Following the armistice on 11th November, 1918 eight BWIR battalions formerly located in France and Italy, three from Egypt and men from Mesopotamia were delivered to Taranto to prepare for demobilisation. Severe labour shortages in the Mediterranean town soon meant that the West Indian soldiers were once again tasked with physically arduous duties, such as the loading and unloading of ships, as well as degrading, menial work like cleaning toilets for white soldiers. A tinderbox atmosphere of tensions and resentment developed and the slightest spark could conceivably and understandably cause an eruption.

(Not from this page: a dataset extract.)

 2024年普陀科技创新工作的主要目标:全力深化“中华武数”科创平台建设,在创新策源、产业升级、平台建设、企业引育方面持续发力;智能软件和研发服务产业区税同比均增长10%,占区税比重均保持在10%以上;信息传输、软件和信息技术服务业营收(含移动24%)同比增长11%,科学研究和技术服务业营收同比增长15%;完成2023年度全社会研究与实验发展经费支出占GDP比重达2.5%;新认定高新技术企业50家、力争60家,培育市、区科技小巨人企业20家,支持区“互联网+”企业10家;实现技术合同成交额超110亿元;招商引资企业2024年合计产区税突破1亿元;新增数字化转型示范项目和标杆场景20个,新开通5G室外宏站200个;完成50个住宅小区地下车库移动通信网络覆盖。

That spark came when the black soldiers discovered that their white counterparts had received a pay rise whilst they did not. On December 6th, 180 black sergeants forwarded a petition to Lord Kitchener regarding the unfair pay issue. As they drafted their petition, the grievances of the last three years service came to a head; they made official their disappointment in the Army’s failure to increase their separation allowance, and the discrimination they felt at being overlooked for promotions based purely on the colour of their skin. Elsewhere that day, protestations of a less official though arguably more impactful nature took place when rank and file soldiers of the 9th Battalion refused their labour, revolted and attacked those same black NCO’s. Dissatisfaction quickly spread and, although the mutiny itself lasted only four days, it culminated in the “increasingly truculant” 10th Battalion also joining in the strike and refusing to work on the 9th December. Lieutenant Colonel Willis, having given the order to clean the latrines of the Italian Labour Corps, found himself assaulted by the rebels. Violence further escalated when a black NCO shot and killed one of the mutineers in self-defence, whilst there is even evidence of some bombing having taken place during the uprising.

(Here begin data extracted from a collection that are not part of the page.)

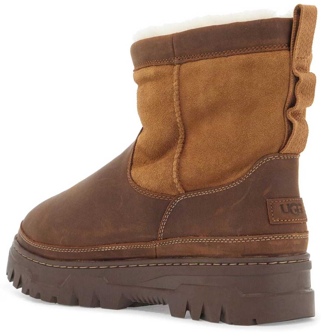 The UGG Heritage Pull-On TrailGazer boots feature an oiled and waterproof leather and suede upper with sealed seams. They also have ribbon pull tabs, a lining made of regenerated wool in UGGplushâ¢, and a White Spider Rubber sole.
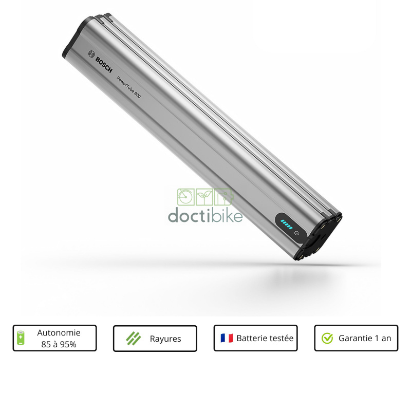 Batterie vélo Bosch PowerTube 500 Wh Horizontal - Reconditionnée grade Argent
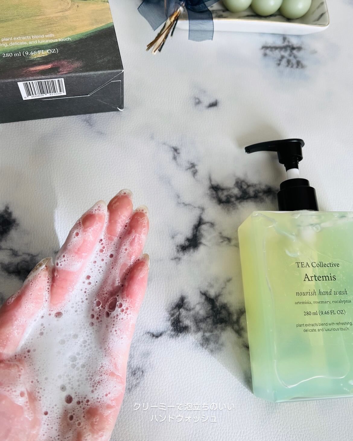 韓国茶のお茶をもとに作られたボディケアブランドで よもぎの香りが魅力的✨ ハンドウォッシュは、ジェルのようなもったりとしたテクスチャーで、なめらかな泡立ちで強すぎない香りが漂って、手洗い時間も楽しくなります😊 ハンドクリームは、こっくりとしたテクスチャーで、肌にピタッと密着するような使用感で、お肌をうるおいで包みこんでくれます。

Outnumbered by the rebellion, the commanding officers at Taranto launched an SOS to their superiors who sent the machine-gun company and a battalion from Worcestershire Regiment to restore order at the barrel of a gun. Threatened into submission, the perceived ringleaders of this four day uprising were rounded up and the 9th Battalion were disbanded (ahead of the entire regiment of BWIR being formally disbanded three years later), their men distributed to other battalions and subsequently disarmed and demobilised. Some sixty West Indian soldiers were eventually tried on the charge of mutiny. Custodial sentences for this charge ranged from three to five years and the majority would go on to serve such numbers, however one soldier got twenty years in gaol whilst another was executed by firing squad.

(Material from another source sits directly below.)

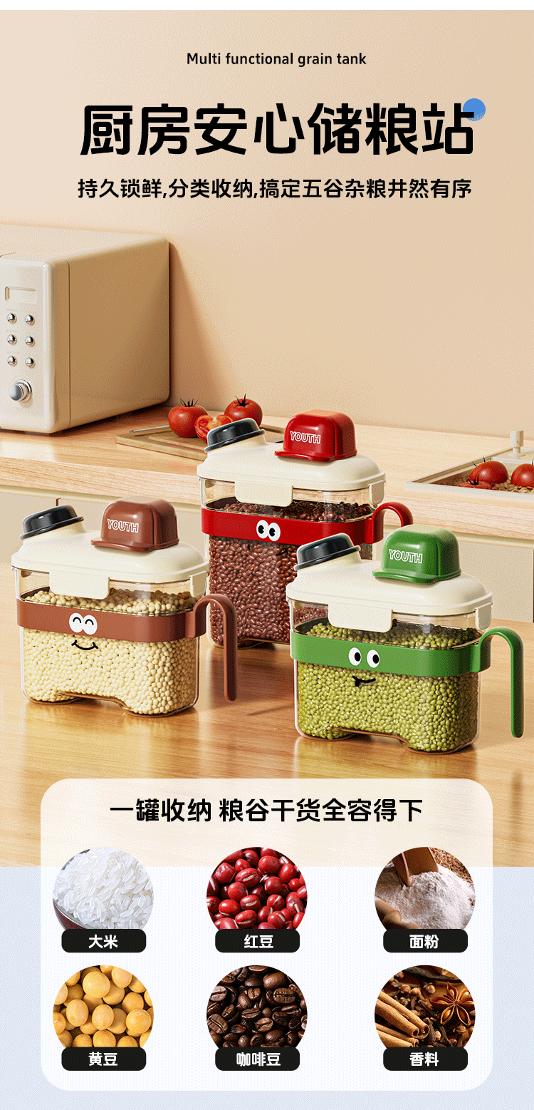 卡通杂粮罐防虫防潮大容量干果香料密封罐家用食品级厨房五谷米桶

Though the mutiny was defeated, resentment continued to spread through the ranks. On 17th December, a little over a month after the incident at Taranto, around sixty NCO’s met to form the Caribbean League, an organisation whose aim was Black rights and an opposition to colonial rule. At a follow-up meeting held just three days later, Sergeant Baxter of the 3rd Battalion BWIR, voiced the league’s intentions thus; “the Black man should have freedom and govern himself in the West Indies and that if necessary, force and bloodshed should be used to attain that object”. With no objections raised, the league set out to organise on their return home to the West Indies and hold a general strike for better pay. True to their word, many protests, strikes and riots were indeed held against the economic crisis in the Caribbean that had been shaped by the aftermath of the war. Acutely, painfully aware of the winds of change that the wake of these actions presented,, a colonial memo from the British government in 1919 recorded that; “Nothing we can do will alter the fact that the Black man has begun to think and feel himself as good as the white.”